- Type: Group
- Sub-units: Glance Conglomerate, Morita Formation, Mural Limestone, Cintura Formation
- Underlies: Bronco Volcanics
- Overlies: Naco Formation
- Thickness: Over 1,770 meters (5,810 ft)

Lithology
- Primary: Sandstone, claystone, limestone
- Other: Conglomerate

Location
- Coordinates: 31°25′N 109°57′W﻿ / ﻿31.42°N 109.95°W
- Region: Arizona New Mexico Chihuahua
- Country: United States Mexico

Type section
- Named by: E.T. Dumble
- Year defined: 1902
- Bisbee Group (the United States) Bisbee Group (Arizona)

= Bisbee Group =

Group of geologic formations in the USA and Mexico

The Bisbee Group is a geologic group in Arizona, Mexico, and New Mexico. It preserves fossils dating back to the early Cretaceous period.

==Description==
The group consists of sandstone, claystone, limestone, and conglomerate, with a maximum thickness of 1770 m in the Chiricahua Mountains. In the Tombstone, Arizona, area, it overlies the Naco Formation. In the Bisbee area, the group is divided into four formations, which in ascending stratigraphic order are the Glance Conglomerate, the Morita Formation, the Mural Limestone, and the Cintura Formation. These extend into northern Sonora.

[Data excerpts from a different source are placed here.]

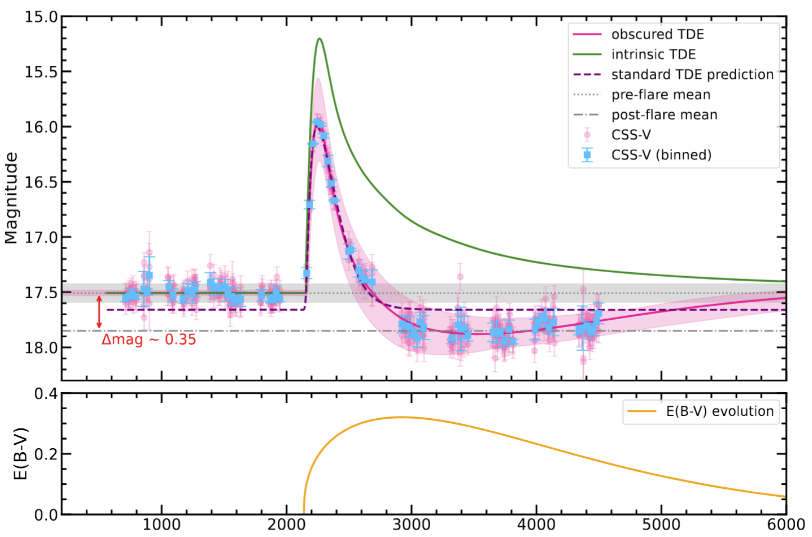 图一: 上图:粉色点表示单次曝光的 CSS V 波段原始数据。蓝色点为分bin后的数据。粉色实线为遮蔽 TDE 模型的最佳拟合结果,粉色阴影区域表示由模型参数不确定性确定的置信区间。作为对比,绿色实线表示去除遮蔽成分后恢复的本征 TDE 光变曲线,紫色虚线表示假设无遮蔽时常规理论 TDE 模型的预测。黑色虚线和灰色带分别表示爆发前星等的均值和标准差,灰色点划线表示爆发后星等的均值,比爆发前暗约 0.35 星等(红色箭头所示)。下图:遮蔽 TDE 模型最佳拟合参数所确定 E(B–V) 的时间演化。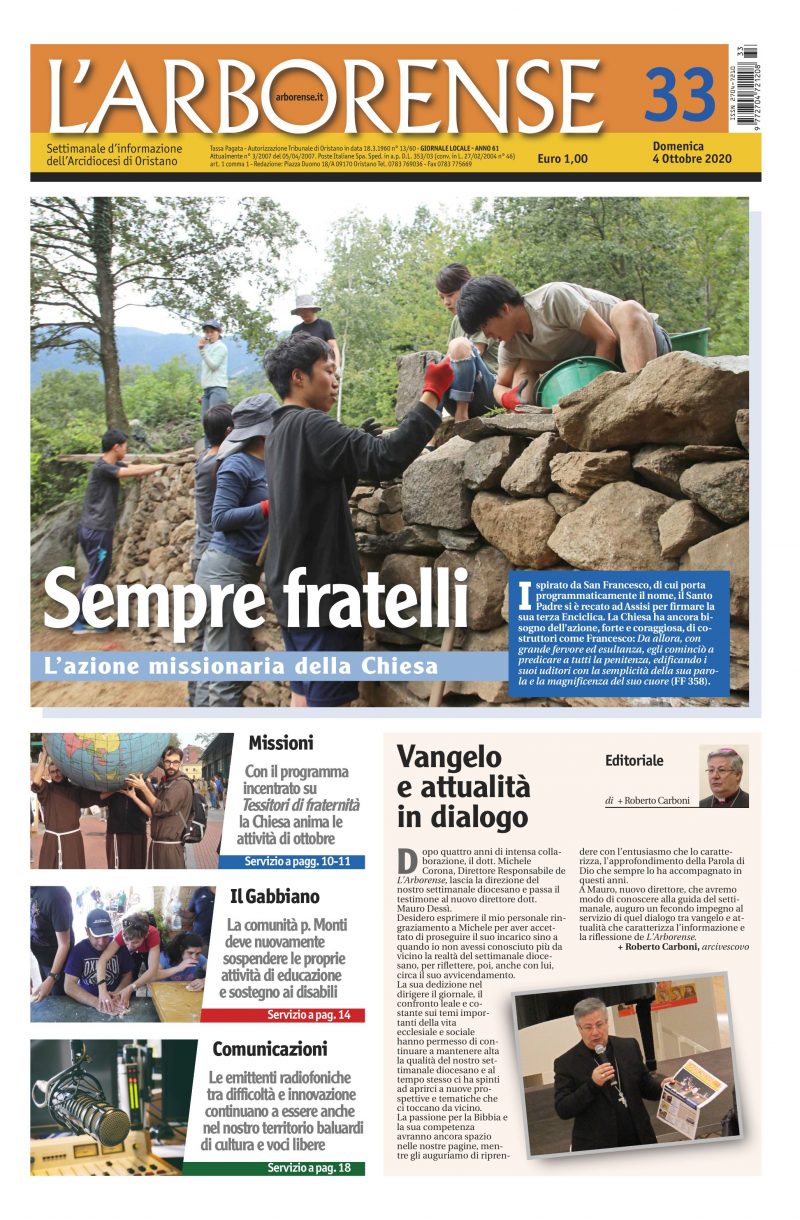 Ma ottobre è anche un mese importante per la Chiesa: il 3 papa Francesco firmerà la sua terza Enciclica “Omnes Fratres” (Fratelli tutti) e lo farà alla vigilia della festa di San Francesco d’Assisi, patrono d’Italia. Il tema della fraternità è anche quello che animerà tutto il mese, tradizionalmente dedicato alla missione: Eccomi manda me! Tessitori di Fraternità è il tema che guiderà poi la giornata missionaria del 18 ottobre. All’interno ampi servizi su questi eventi.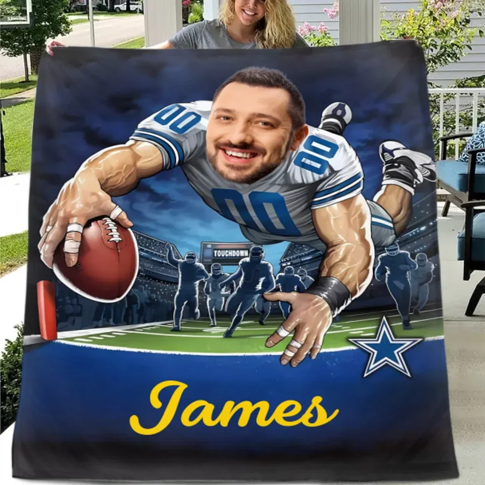 Available Product: Customised Football Themed Blankets - Personalised Photo and Name Footballer Blankets - A Gift For Father,Football Players,Football Lovers

The group is overlain by the Bronco Volcanics, the Nipper Formation, or the Faraway Ranch Formation.

In the Chiricahua Mountains, where the thickest section is found, the Crystal Cave Formation and Onion Saddle Formation are found between the Glance Conglomerate and the Morita Formation. A thrust fault has placed the lower Jurassic beds over the Cretaceous beds.

In southwestern New Mexico, the group thickens to 21000 feet and is divided into the Glance Conglomerate, the Hell-to-Finish Formation, the U-Bar Formation, and the Mojado Formation.

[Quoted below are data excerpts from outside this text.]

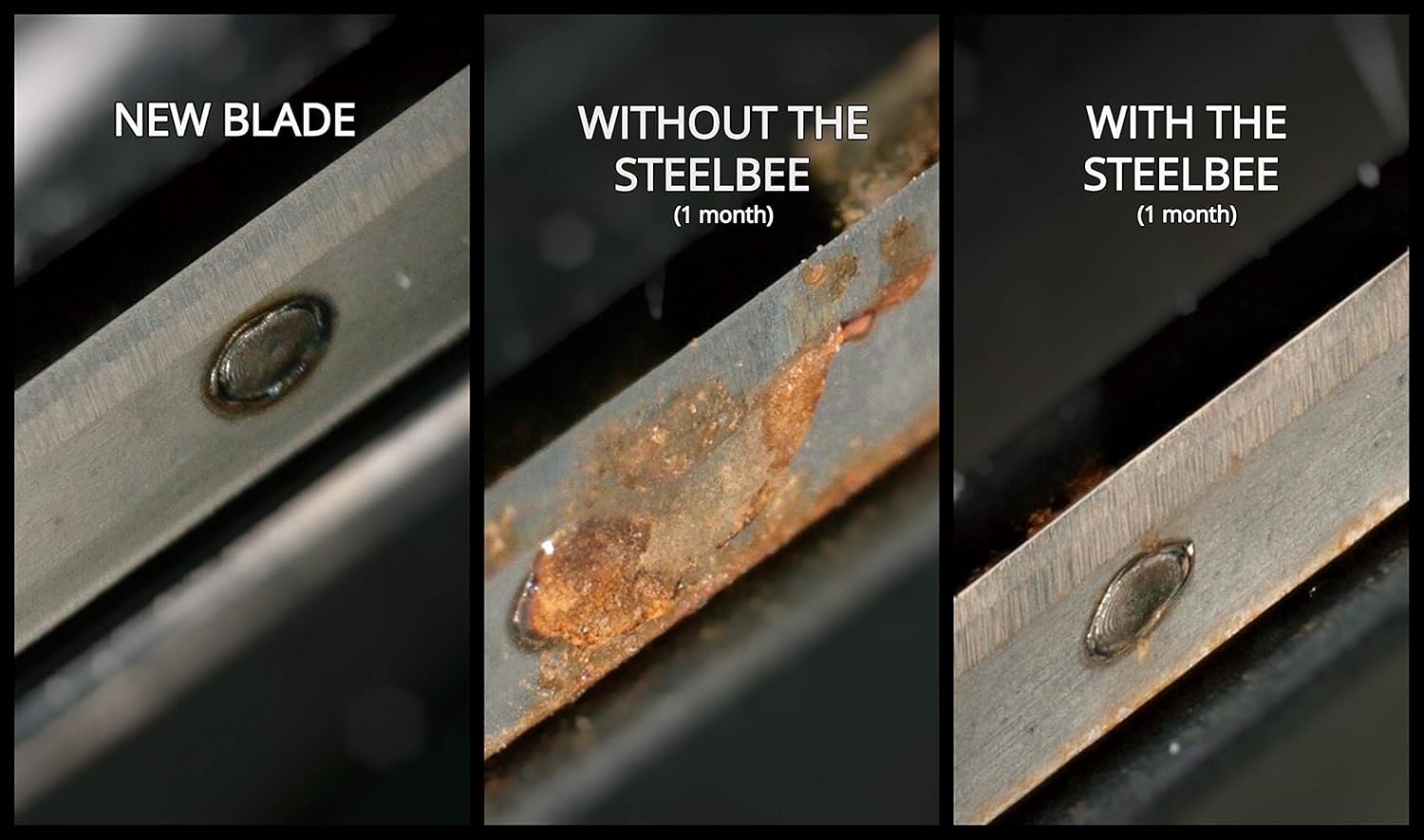 - PREVENTS CORROSION TO EXTEND BLADE LIFE UP TO 3X Releasing patented Zerust Vapor to inhibit rust and degradation the SteelBee is more than just a razor cover it protects the blades and prevents the oxidation of steel to keep your razor edges sharp leading to more shaves from a single cartridge. Zerust vapor tubes continue to emit corrosion inhibitors helping you to enjoy a cleaner smoother shaves for up to two years.
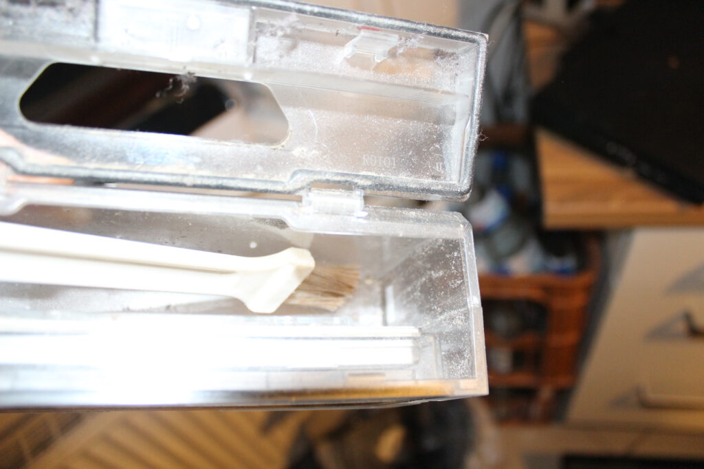 Hier kommt ein zusätzlicher Helfer ins Spiel: ein Pinsel. Mit einem Pinsel kann man die hartnäckigen Staubreste im Behälter entfernen. Ohne so ein Werkzeug wird es schwierig, denn versucht man es mit den Fingern, endet das schnell mit schmutzigen Händen – nicht gerade angenehm.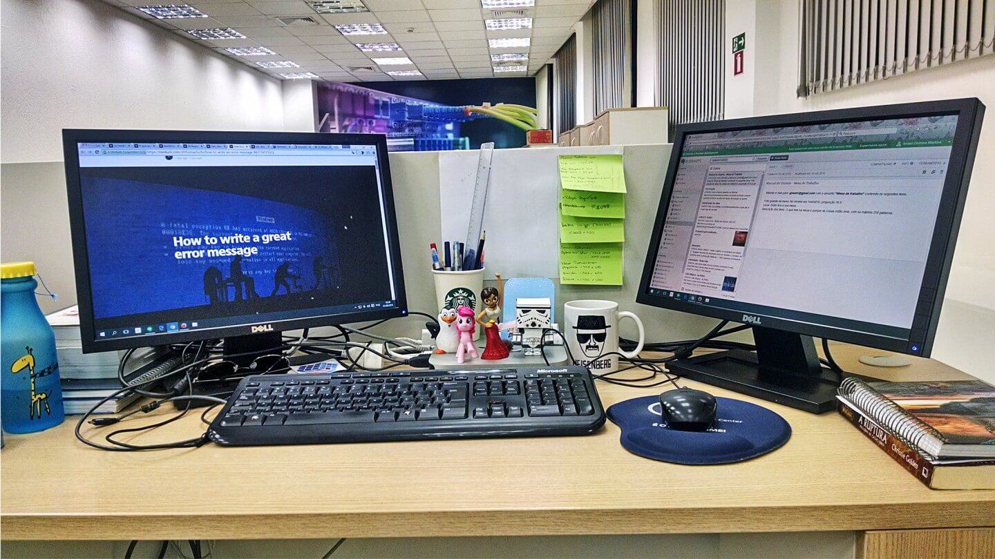 - Local. Onde fica a sua mesa, em casa ou na empresa/escritório? (Se for no seu local de trabalho, por favor, verifique com seu chefe antes se não tem problema. A última coisa que eu quero é causar a demissão de um leitor :P )

In northwestern Sonora, in addition to the Glance Conglomerate, the Morita Formation, the Mural Limestone, and the Cintura Formation, the group includes the Cerro de Oro Formation and Arroyo Sásabe Formation.

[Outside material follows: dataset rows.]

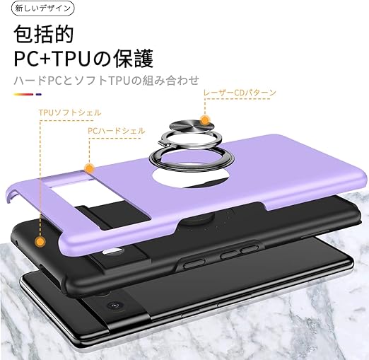 Pixel 7 Pro ケース用 Pixel7pro スマホケース + Google 7pro ?化 ガラス フィルム リング付き スタンド機能 携帯ケース 耐衝撃 衝撃 スマホカバー Case Cover Google 7proケース グーグルピクセル7 ピクセル pixel7pro sever プロ グーグルgoole7pro けース 背面 カバー メンズ 6.7インチ (紫の) a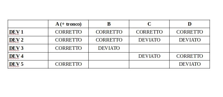 Da questa tabella si ricava la tabella finale utile a costruire la matrice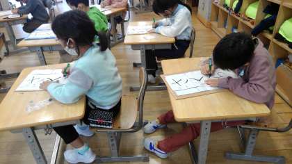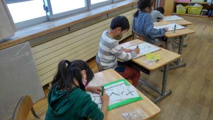 初めての硬筆墨に挑戦します。一字一字丁寧に書いています。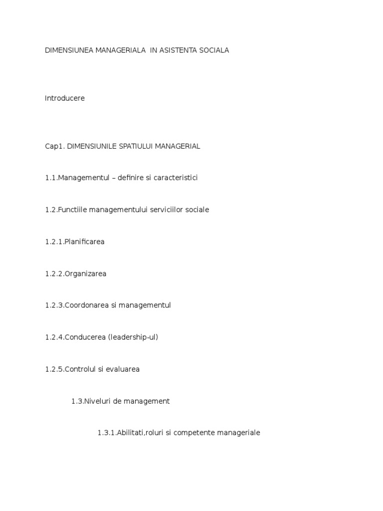 Dimensiunea Manageriala In Asistenta Sociala
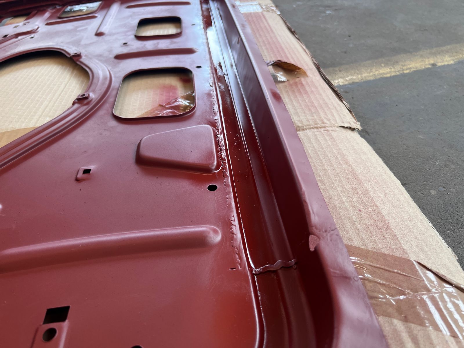 Final noch eine Schicht Grundierung drüber und bereit für die neue Türhaut! Die beiden Türhäute wurden spaßeshalber mal draufgelegt, hier zahlt es sich wirklich aus, dass ich bis jetzt nur Heritage-Bleche benutzt habe, die neuen passen wie angegossen.

The group was deposited in the Bisbee basin, which was the central basin of the Jurassic-Cretaceous border rift belt. This rift belt was located between the Mogollon Highlands of central Arizona and New Mexico, which formed the northern shoulder of the belt, and Cordilleran (or Alisitos) volcanic arc along what is now the western side of the Gulf of California. Deposition began in the late Jurassic with the Glance Conglomerate. This was followed by at least three additional marine transgressions. The second of these was restricted to western Sonora and deposited the Cerro de Oro Formation. This was followed by deposition of typical fluvial, tidal flat, and delta deposits of the Morita Formation to the west and marine beds to the east. The third and largest incursion formed the lagoon belt of the Arroyo Sásabe Formation and the marine Mural Limestone. This was followed by delta deposits of the Cintura Formation. A final small fourth incursion affected only northeastern Sonora.

==Fossils==
The group contains fossils such as the mollusc Exogyra and the clam Trigonia characteristic of the Cretaceous. The limestone formations contain fossils of scleractinian corals from a diversity of genera, including several species not found elsewhere.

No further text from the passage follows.